Hybrid meetings can be the best of both worlds — or the worst.
Done well, they let you gather your local team in one room while including remote colleagues without anyone feeling like a second-class participant. Done poorly, the people on screen end up staring at the backs of heads, unable to hear or be heard.
Here are ten practical tips to make your hybrid meetings actually work.
1. Design for remote participants first
If remote people can see, hear, and participate, the in-room folks almost always can too. Start by asking: “What will this feel like for someone joining from a laptop at home?”
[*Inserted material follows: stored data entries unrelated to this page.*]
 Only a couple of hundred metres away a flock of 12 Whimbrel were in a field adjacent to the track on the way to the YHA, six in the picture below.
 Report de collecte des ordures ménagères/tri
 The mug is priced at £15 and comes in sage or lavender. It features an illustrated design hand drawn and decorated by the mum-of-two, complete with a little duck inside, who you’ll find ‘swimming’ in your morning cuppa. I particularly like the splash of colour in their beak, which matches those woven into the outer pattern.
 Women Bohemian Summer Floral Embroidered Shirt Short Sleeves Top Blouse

2. Use one main screen for shared content
Instead of everyone in the room opening the slide deck, display it on a large screen or projector. That way the camera can capture both the content and the room, and you’re not dealing with a sea of glowing screens.
3. Invest in good audio
Audio matters more than video. Use:
- A quality room microphone (or a few mics if the room is large)
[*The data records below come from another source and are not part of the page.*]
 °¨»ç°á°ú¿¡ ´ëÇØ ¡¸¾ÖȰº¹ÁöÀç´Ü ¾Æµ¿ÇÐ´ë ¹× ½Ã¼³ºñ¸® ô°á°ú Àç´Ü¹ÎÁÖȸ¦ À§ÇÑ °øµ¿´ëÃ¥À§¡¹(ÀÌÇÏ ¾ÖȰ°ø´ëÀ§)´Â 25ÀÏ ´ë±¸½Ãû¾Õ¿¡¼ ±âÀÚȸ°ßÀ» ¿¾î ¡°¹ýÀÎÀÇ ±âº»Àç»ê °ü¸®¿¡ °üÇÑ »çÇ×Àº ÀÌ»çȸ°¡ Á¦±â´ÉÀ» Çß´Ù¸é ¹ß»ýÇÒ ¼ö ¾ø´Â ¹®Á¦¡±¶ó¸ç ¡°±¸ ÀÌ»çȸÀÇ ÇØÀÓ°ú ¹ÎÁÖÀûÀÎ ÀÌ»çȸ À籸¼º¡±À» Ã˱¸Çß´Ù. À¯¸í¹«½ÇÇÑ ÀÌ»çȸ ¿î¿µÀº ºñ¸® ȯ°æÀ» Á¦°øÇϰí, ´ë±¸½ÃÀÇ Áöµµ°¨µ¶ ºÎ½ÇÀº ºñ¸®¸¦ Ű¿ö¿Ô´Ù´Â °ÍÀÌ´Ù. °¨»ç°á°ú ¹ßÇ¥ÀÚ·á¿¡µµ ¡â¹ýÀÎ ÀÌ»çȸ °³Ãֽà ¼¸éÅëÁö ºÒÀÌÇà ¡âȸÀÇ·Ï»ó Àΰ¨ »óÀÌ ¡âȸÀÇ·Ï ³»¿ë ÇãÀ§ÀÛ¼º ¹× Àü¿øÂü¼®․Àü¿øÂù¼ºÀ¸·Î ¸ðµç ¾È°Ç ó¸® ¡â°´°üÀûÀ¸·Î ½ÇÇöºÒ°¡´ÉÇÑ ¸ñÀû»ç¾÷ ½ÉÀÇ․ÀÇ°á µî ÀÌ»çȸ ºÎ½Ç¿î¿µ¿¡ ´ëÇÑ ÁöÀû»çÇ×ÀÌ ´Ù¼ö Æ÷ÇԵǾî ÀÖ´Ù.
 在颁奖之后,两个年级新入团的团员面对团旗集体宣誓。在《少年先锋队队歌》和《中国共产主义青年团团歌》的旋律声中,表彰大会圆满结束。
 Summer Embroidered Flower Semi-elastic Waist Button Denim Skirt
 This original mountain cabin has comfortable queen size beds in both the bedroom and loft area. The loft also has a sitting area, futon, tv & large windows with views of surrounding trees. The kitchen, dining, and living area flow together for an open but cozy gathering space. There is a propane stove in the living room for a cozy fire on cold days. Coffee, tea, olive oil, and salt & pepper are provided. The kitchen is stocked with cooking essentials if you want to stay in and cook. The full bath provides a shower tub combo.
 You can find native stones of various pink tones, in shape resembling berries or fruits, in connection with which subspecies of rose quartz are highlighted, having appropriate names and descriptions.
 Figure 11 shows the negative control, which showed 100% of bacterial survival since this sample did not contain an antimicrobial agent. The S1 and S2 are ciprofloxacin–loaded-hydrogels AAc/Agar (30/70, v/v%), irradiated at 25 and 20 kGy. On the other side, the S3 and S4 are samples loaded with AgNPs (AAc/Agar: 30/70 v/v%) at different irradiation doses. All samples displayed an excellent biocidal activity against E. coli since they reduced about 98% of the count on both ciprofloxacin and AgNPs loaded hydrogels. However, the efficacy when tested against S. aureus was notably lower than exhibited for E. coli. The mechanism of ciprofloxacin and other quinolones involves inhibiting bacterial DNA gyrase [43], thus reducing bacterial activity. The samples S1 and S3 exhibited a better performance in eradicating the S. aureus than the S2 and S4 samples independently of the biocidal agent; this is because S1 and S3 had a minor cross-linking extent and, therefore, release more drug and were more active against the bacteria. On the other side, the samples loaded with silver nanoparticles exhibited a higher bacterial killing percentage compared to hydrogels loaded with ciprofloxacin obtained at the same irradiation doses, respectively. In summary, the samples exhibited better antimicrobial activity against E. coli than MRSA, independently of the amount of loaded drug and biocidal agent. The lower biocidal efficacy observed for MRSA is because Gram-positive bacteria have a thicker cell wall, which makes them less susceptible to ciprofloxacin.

- External speakers so remote voices are clear
Avoid relying on the tiny laptop mic in the front row.
4. Put the camera at eye level
Place the camera near the screen, at roughly eye height, so remote participants feel like they’re part of the room instead of looking up people’s noses or at the ceiling.
5. Assign a “remote advocate”
Give one person the specific job of watching the chat, checking in with remote attendees, and flagging questions. Speakers can’t realistically monitor both the room and the Zoom chat at once.
6. Start with a tech check
Five minutes before the official start:
- Confirm audio both ways
- Ask a remote participant to say hello
- Share your screen and run one test slide
Fixing issues up front is far less awkward than doing it in the middle of a presentation.
7. Use simple engagement tools
To keep everyone involved:
- Ask “show of hands” questions and have the remote advocate read out results in the chat.
- Use quick polls.
- Break into small groups in the room and breakout rooms online, then reconvene.
8. Avoid side conversations in the room
Remote attendees can’t hear the quick comments people make to their neighbors. Encourage people to speak up or wait until the group discussion so everyone stays in the loop.
9. Share materials in advance
Send slides, handouts, and links ahead of time so remote participants can follow along even if their screen is small or their connection hiccups.
10. Wrap up with clear next steps
End by summarizing decisions, assigning owners, and confirming how notes will be shared. Hybrid meetings can feel more scattered; a strong wrap-up creates clarity.
Hybrid meetings take a little more planning than a typical in-person meeting, but with the right room, equipment, and habits, you can make remote and in-room participants feel like one team — not two separate worlds.